What you need to do:
Only the lines below from the one with "The objective of" through the one with "Pulsera con mariposa" are to be written out, exactly and without any images.

Data for processing:
※ ※ ※

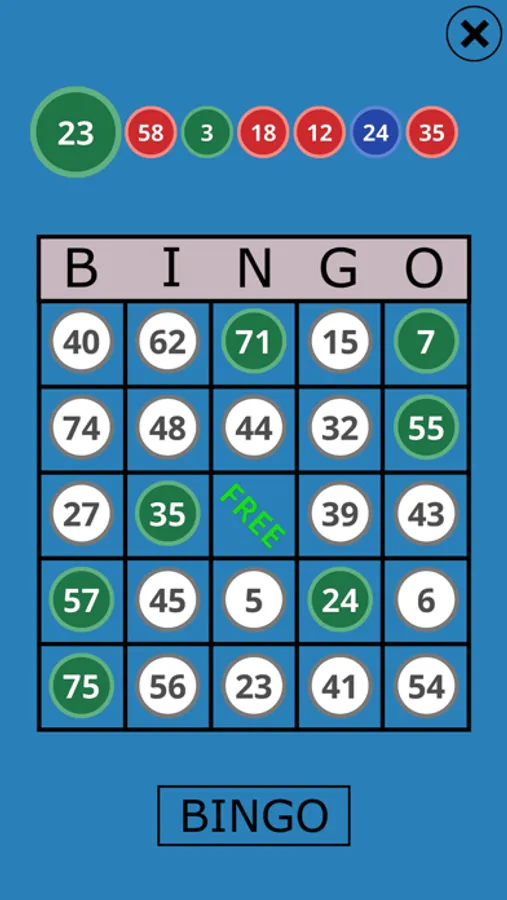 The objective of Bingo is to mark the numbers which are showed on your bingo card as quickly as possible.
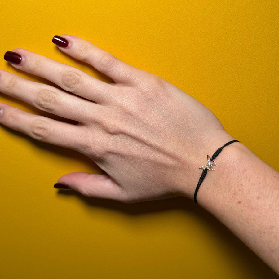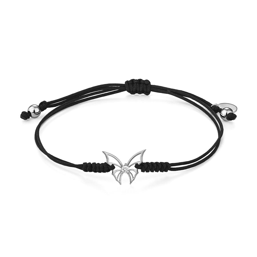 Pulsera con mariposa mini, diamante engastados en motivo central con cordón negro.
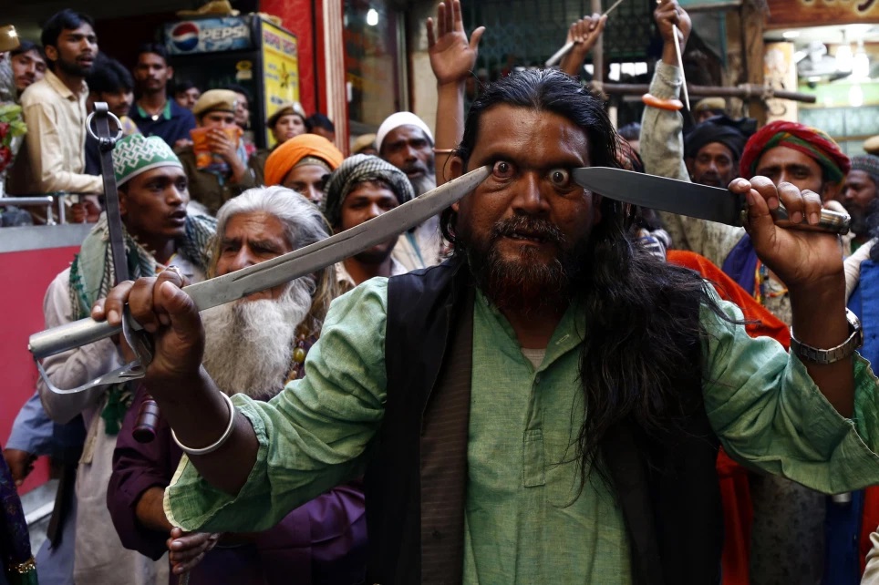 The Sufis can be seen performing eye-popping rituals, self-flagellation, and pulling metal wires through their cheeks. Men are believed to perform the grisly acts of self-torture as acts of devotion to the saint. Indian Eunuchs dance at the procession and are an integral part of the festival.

※ ※ ※

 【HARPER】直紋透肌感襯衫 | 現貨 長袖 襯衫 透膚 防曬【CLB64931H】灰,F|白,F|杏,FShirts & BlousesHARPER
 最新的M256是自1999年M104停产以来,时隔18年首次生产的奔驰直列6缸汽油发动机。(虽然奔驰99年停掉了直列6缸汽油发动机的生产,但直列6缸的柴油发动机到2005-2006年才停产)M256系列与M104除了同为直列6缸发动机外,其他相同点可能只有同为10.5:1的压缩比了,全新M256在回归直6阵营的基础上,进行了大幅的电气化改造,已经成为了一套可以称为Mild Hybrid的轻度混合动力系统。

※ ※ ※

Output for this exercise:
 The objective of Bingo is to mark the numbers which are showed on your bingo card as quickly as possible.
 Pulsera con mariposa mini, diamante engastados en motivo central con cordón negro.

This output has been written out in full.